## How to complete this task
Using the material below, repeat exactly the lines from the one with "We’ve strategically added" through the one with "C羅對球隊和馬德里致上最真誠", ends included, without any images.

## Data under study
▼

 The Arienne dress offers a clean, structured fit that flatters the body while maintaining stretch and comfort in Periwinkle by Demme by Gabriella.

▲
▼

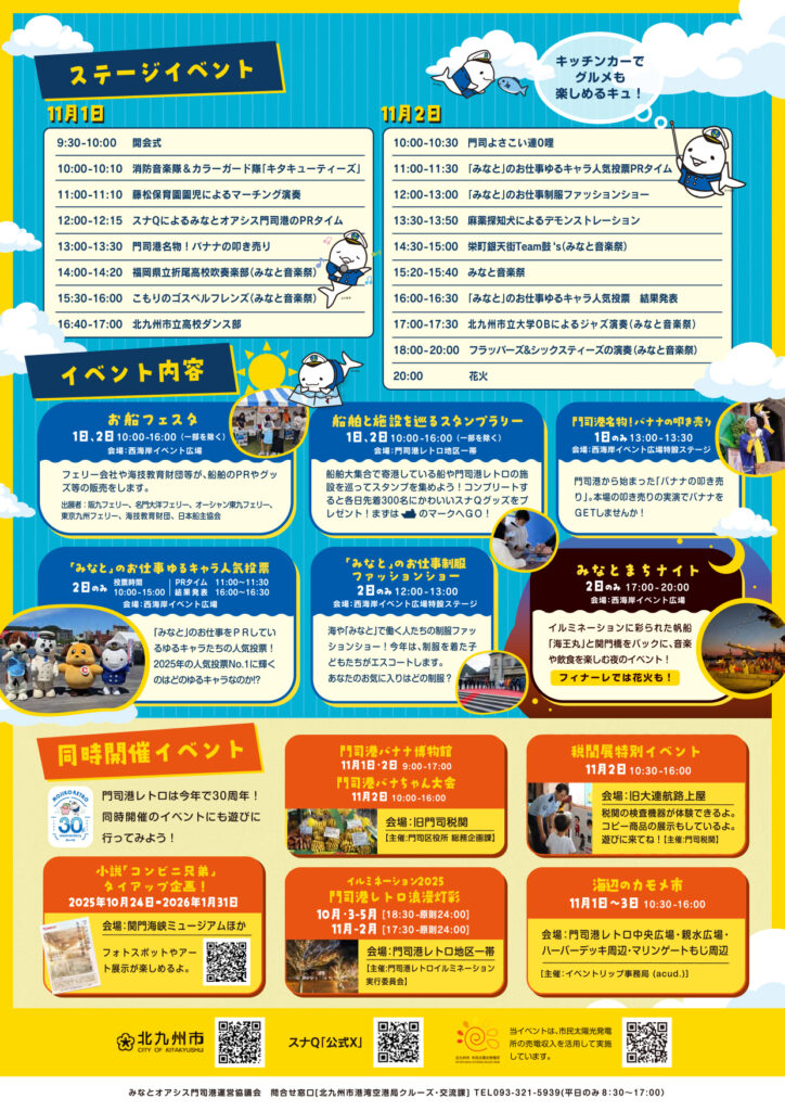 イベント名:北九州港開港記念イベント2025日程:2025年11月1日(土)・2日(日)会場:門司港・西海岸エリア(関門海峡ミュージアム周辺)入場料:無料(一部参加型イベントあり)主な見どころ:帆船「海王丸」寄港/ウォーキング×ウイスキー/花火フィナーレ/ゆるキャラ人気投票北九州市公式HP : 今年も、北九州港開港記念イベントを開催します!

▲
▼

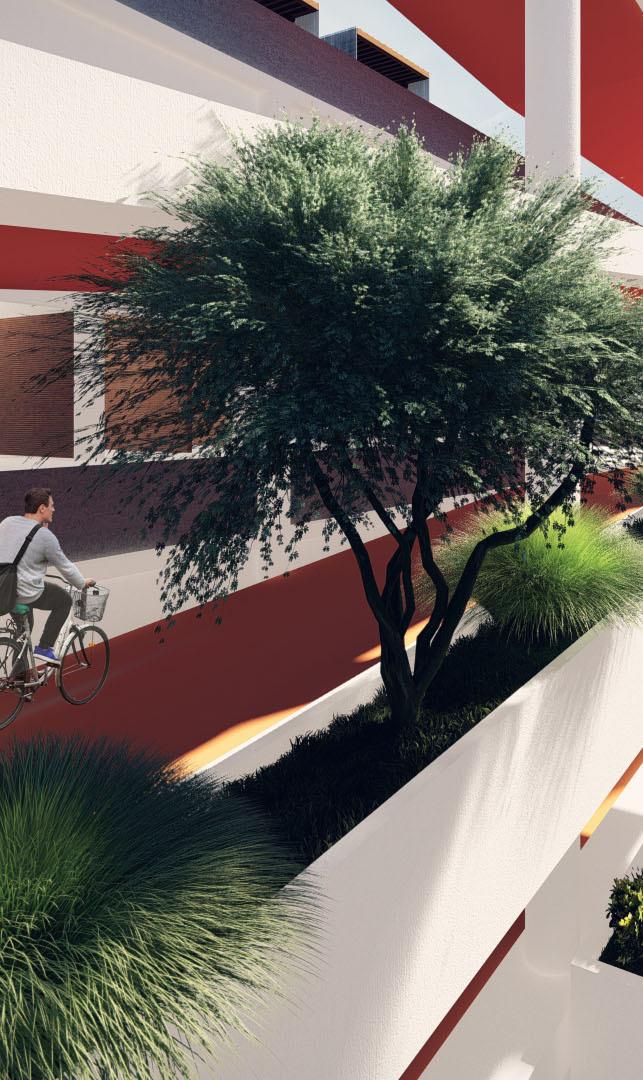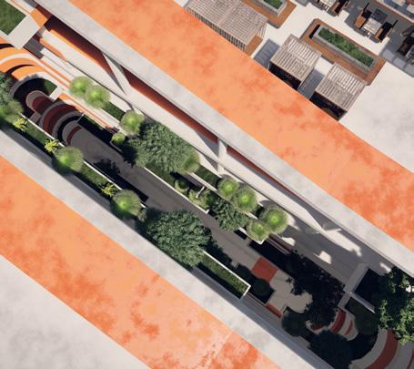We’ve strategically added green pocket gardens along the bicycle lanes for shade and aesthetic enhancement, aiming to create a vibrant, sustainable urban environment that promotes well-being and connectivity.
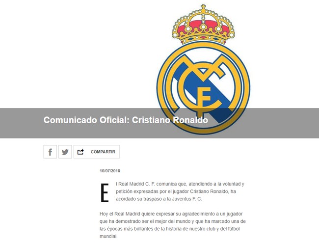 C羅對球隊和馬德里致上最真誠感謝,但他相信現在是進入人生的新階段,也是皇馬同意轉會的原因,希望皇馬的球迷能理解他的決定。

▲

## Response area
We’ve strategically added green pocket gardens along the bicycle lanes for shade and aesthetic enhancement, aiming to create a vibrant, sustainable urban environment that promotes well-being and connectivity.
 C羅對球隊和馬德里致上最真誠感謝,但他相信現在是進入人生的新階段,也是皇馬同意轉會的原因,希望皇馬的球迷能理解他的決定。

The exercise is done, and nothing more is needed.